Whatever the weather, he was always content. When he heard grumbling, either at tempestuous winds or torrential rains, “Good people,” he would say, “the One above knows very well what He is about and also what we need.... Supposing these great winds which revivify our Provence and clear off the fogs and vapours of our marshes never blew? And if, equally, we were never visited by the heavy rains which supply the wells and springs and rivers? We need all sorts, my children.”

Though he would not scorn to pick up a faggot on the road and carry it to the hearth, and though he was content with vegetables and brown bread for his daily fare, and was so abstemious always as to mix water with his wine, yet at his table the stranger never failed to find a welcome, and his hand and purse were ever open to the poor.

Faithful to the old customs, the great festival of the year on our farm was Christmas Eve. That day the labourers knocked off work early, and my mother presented to each one, wrapped up in a cloth, a fine oil-cake, a stick of nougat, a bunch of dried figs, a cream cheese, a salad of celery, and a bottle of wine.
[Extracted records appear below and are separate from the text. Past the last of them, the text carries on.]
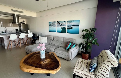 Vive el máximo nivel de confort frente al mar en Península Nuevo Vallarta. Este moderno condominio de 2 recámaras y 2 baños ofrece impresionantes vistas panorámicas a la Bahía de Banderas desde una amplia terraza privada: el espacio ideal para relajarte desde el amanecer hasta el atardecer.
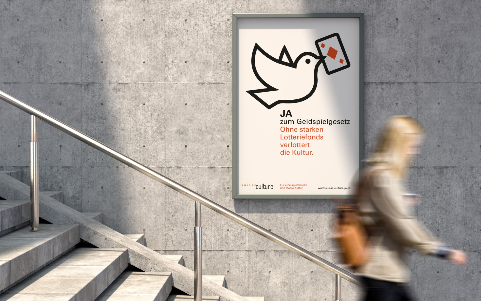 Für Suisseculture, den nationalen Dachverband der Kulturschaffenden in der Schweiz, entstanden zwei visuelle Auftritte zu Abstimmungskampagnen, bei denen eines im Vordergrund stand: Klarheit. Die Gestaltung bringt die Hauptaussage sofort auf den Punkt – deutlich, lesbar und auch aus der Ferne verständlich. Wenige Elemente, gezielt platziert, damit das Wesentliche nicht übersehen wird.
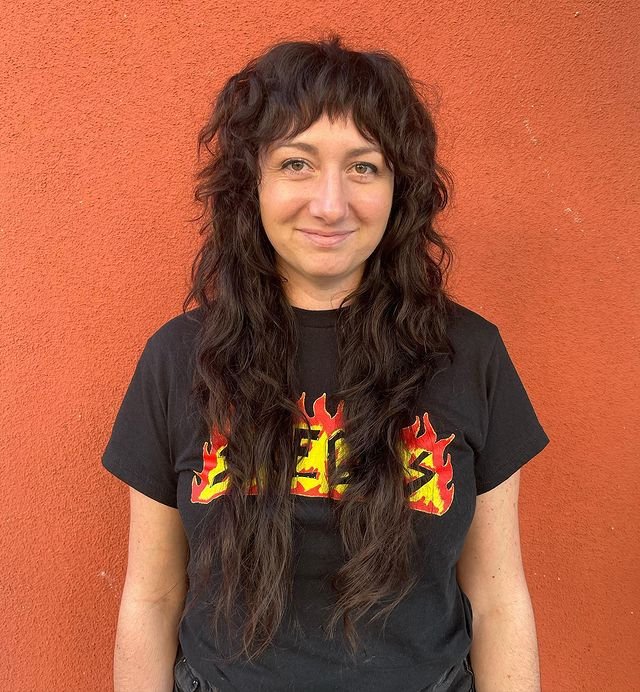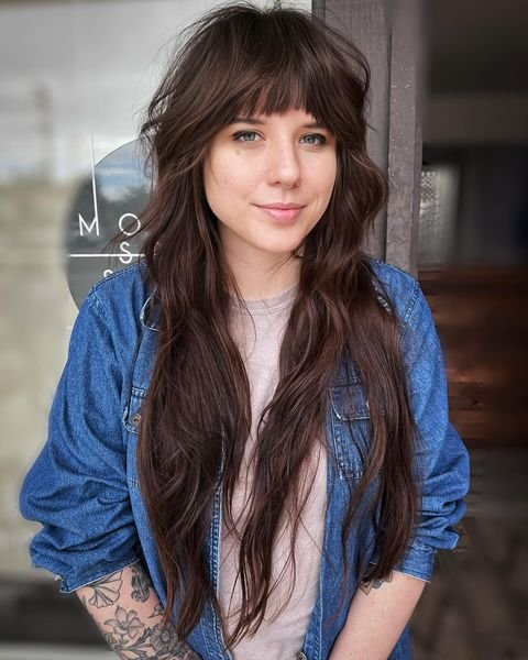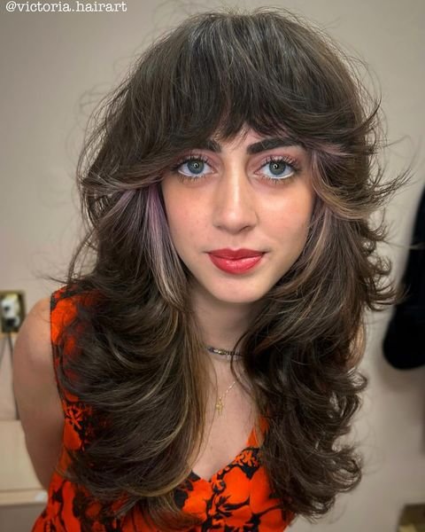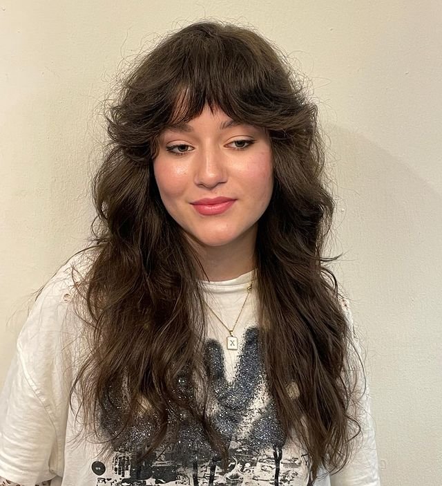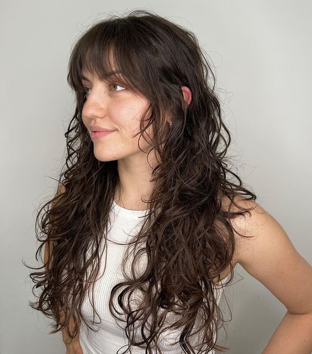 This long shag emphasizes natural curls with soft layers and face-framing bangs. To achieve this look, apply curl mousse to damp hair and use a diffuser to dry. Add a shine serum to prevent frizz and enhance curl definition for a glossy, voluminous finish.

Then every man returned to his own village and home to burn the Yule log. Only some poor fellow who had no home would remain at the farm, and occasionally a poor relation, an old bachelor for example, would arrive at night saying:

“A merry Christmas, cousin. I have come to help you burn the Yule log.”
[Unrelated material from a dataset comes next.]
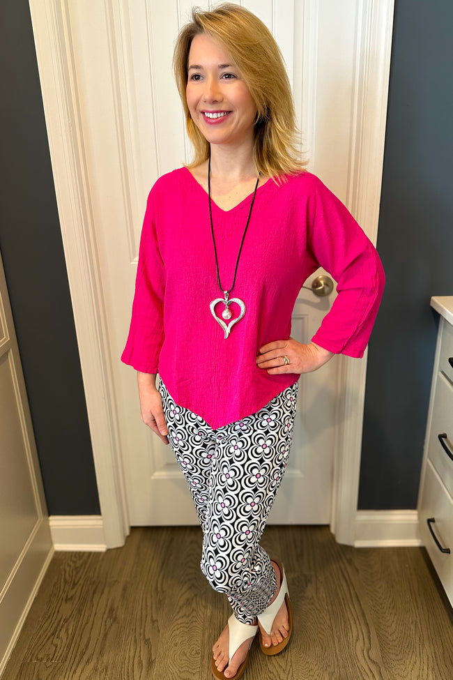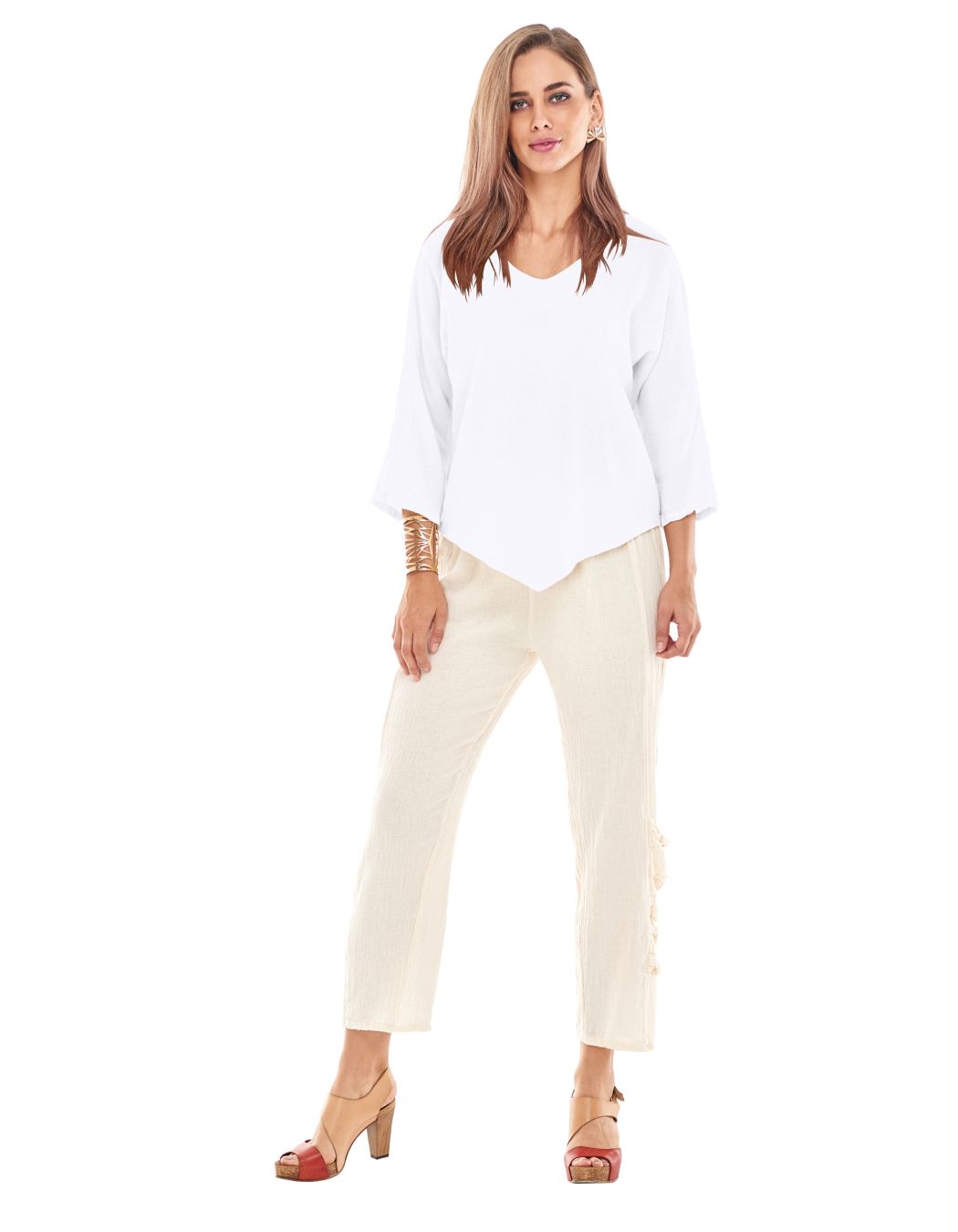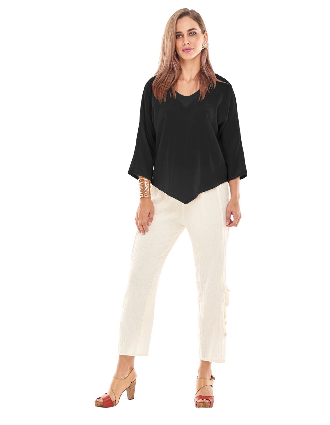 A cotton gauze V-neck top with delicate point detail at the bottom. A staple piece for your wardrobe!
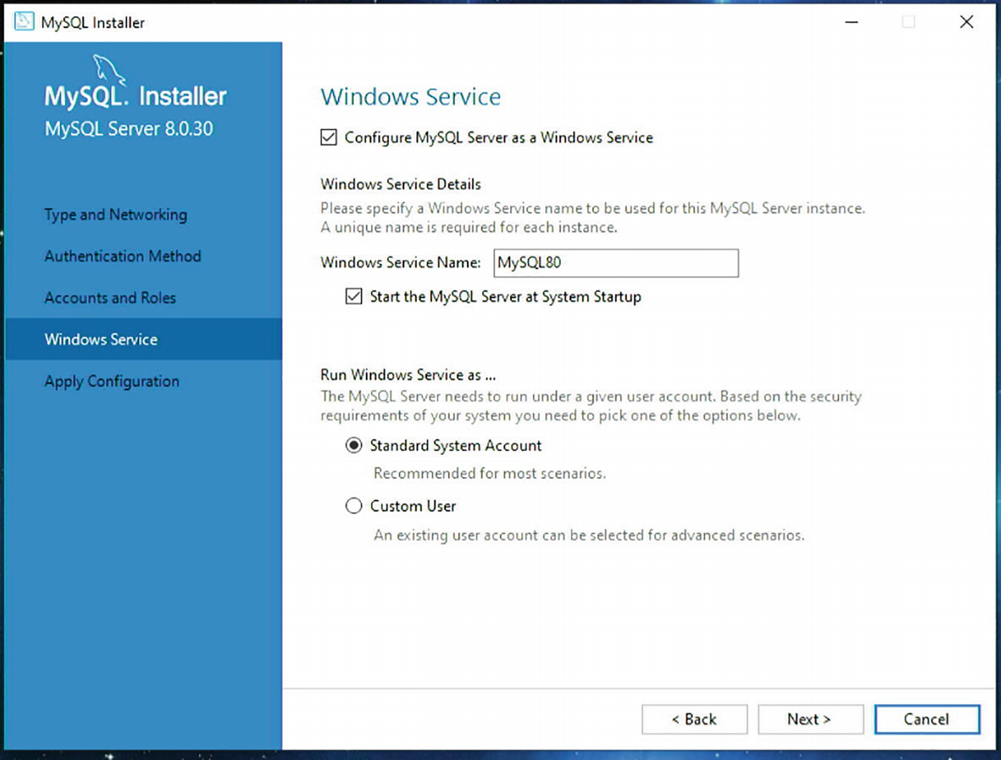 A screenshot of the My S Q L Installer page. It highlights the option for windows service on the left panel. The right part of the screen exhibits the details of the windows service name along with the options for my s q l configuration and running windows service as a standard system account.

Then, a merry company, we all sallied forth to fetch the log, which according to tradition must be cut from a fruit-tree. Walking in line we bore it home, headed by the oldest at one end, and I, the last born, bringing up the rear. Three times we made the tour of the kitchen, then, arrived at the flagstones of the hearth, my father solemnly poured over the log a glass of wine, with the dedicatory words:

“Joy, joy. May God shower joy upon us, my dear children. Christmas brings us all good things. God give us grace to see the New Year, and if we do not increase in numbers may we at all events not decrease.”

In chorus, we responded:

“Joy, joy, joy!” and lifted the log on the fire-dogs. Then as the first flame leapt up my father would cross himself, saying, “Burn the log, O fire,” and with that we all sat down to the table.
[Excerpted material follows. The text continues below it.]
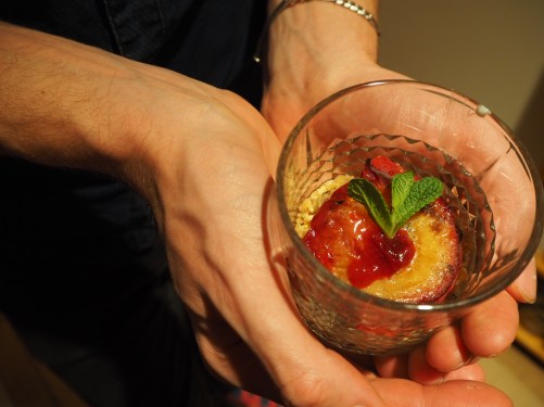 - Arrange in glasses / glass jars / bowls – I started with a layer of sauce, then crumble, then a plum half and a bit of its juices, a bit more sauce, and then garnished with a sprig of mint.
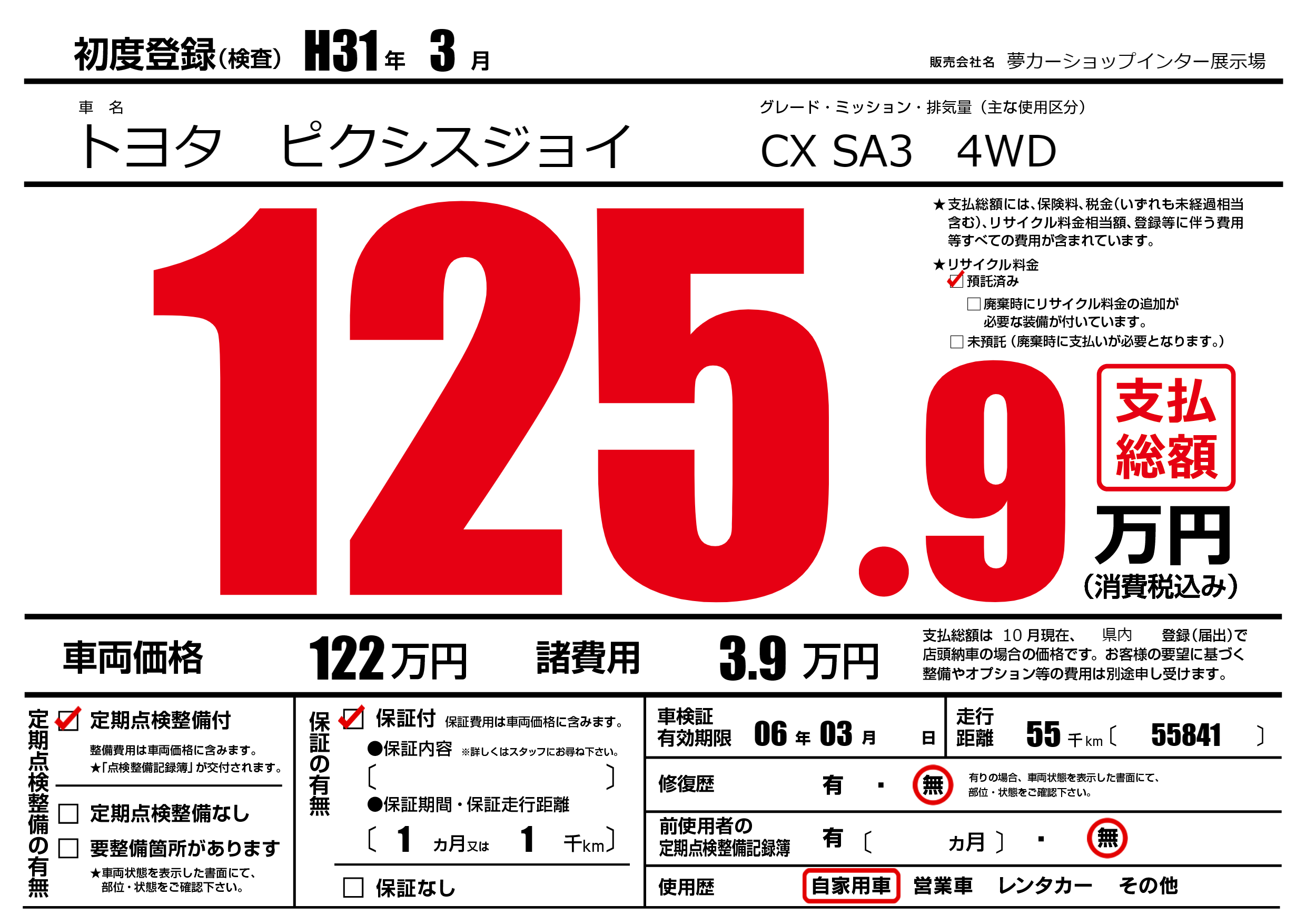 | 定期点検整備 | 定期点検整備あり | ||

Oh, that happy table, blessed in the truest sense, peace and joy in every heart of the united family assembled round it. In the place of the ordinary lamp suspended from the ceiling, on this occasion we lit the three traditional candles, regarded by the company not without anxiety, lest the wick should turn towards any one—always a bad augury. At each end of the table sprouted some corn in a plate of water, set to germinate on St. Barbara’s Day, and on the triple linen tablecloths[3] were placed the customary dishes, snails in their shells, fried slices of cod and grey mullet garnished with olives, cardoon, scholium, peppered celery, besides a variety of sweetmeats reserved for this feast, such as hearth-cakes, dried raisins, almond nougat, tomatoes, and then, most important of all, the big Christmas loaf, which is never partaken of until one-quarter has been bestowed on the first passing beggar.

During the long evening which followed before starting out for the midnight Mass, gathered round the log fire we told tales of past days and recalled the grand old folks who were gone, and little by little my worthy father never failed to come back to his favourite Spanish wars and the famous siege of FiguiÈres.

On New Year’s Day, again, our home was the centre of hospitality, and we were greeted at early dawn by a crowd of our poorer neighbours, old people, women and children, who came round the farm-house singing their good wishes for the coming year. My father and mother, with kindly response, presented to each one a gift of two long loaves and two round ones. To all the poor of the village we also gave, in accordance with the tradition of our house, two batches of bread.

Every evening my father included this formula in his evening prayer:

Did I live a hundred years
A hundred years I would bake,
And a hundred years give to the poor.

At his funeral the poor who mourned him said with fervour: “May he have as many angels to bear him to Paradise as he gave us loaves of bread.”

This is a picture of the simple and noble patriarchal life of Provence in my youth.